On top of that there's the noise. WitchTok drama. Everyone with an opinion about everyone else's path, everyone's business, everyone's choices. AI generating content faster than any human can keep up with. The constant low hum of everyone watching everyone, judging everyone, performing for everyone.
And I found myself thinking, not for the first time, I miss being bored.
I miss being a kid and having entire afternoons with nothing to do and nobody watching. I miss not knowing what anyone thought about anything unless they told you directly, to your face, because that was the only way information traveled. I miss the version of life where your business was just your business, and nobody expected you to narrate it.
I don't think this is as simple as the internet is bad, and before life was good. The internet has given me incredibly beautiful things. I've connected with people who think like me, who get it, scattered all over the world, people I never would have found otherwise. I have more information at my fingertips than entire libraries used to hold. I can run so much of my businesses from my home and can be there when my family needs me. Those are not small things. I don't want to pretend they aren't important.
But there's a cost running underneath all of it that I think we've collectively stopped noticing because it's just the water we swim in now.
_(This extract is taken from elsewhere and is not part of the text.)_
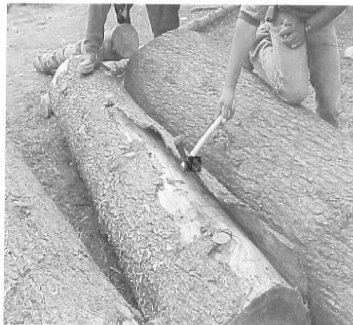
Figura 7. Tratamiento silvícola (derribo-troceo-descortezado) en Pseudotsuga flahaulti dañado por D. pseudotsugae en la sierra de Arteaga, Coahuila.

Asimismo, es importante denotar que los árboles derribados durante este período y que no sean descortezados, deberán de ser extraídos del predio o sitio afectado, debido a que en este estudio también se determinó que el ciclo biológico lo concluye desde huevecillo hasta adulto aún en árboles derribados.

The cost of being available. The cost of being seen all the time, by everyone, with no real boundary around it. The cost of every part of your life becoming potential content, which means some part of you is always slightly outside the moment, thinking about how it would look from the outside.
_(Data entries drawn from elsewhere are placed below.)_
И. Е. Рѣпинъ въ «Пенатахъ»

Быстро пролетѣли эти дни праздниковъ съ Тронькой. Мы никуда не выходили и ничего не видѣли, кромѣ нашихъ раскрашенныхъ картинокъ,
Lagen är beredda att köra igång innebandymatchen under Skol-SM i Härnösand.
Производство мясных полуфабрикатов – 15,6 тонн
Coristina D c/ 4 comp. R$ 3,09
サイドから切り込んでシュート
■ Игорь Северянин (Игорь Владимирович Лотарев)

I don't think most of us signed up for that consciously. It just happened gradually, the way most big shifts do, until one day you realize you can't remember the last time you did something just for yourself with absolutely no thought about whether anyone else would see it.
So here's what I'm sitting with this week.
What would I do today if nobody could see it?
Not in a secretive way. Just in the sense of, what would my day actually look like if the performance layer got switched off completely. What would I make, what would I think about, how would I move through my day if the only person I needed to answer to was myself.
I don't have an answer. But asking the question feels like it's already doing something. Like it's carving out a tiny bit of space that belongs only to me, in a world that mostly wants every bit of me accounted for.
Maybe that's enough for now. A few minutes a day that are just yours. Unposted. Unphotographed. Unwatched.
Boring, even. In the best possible way.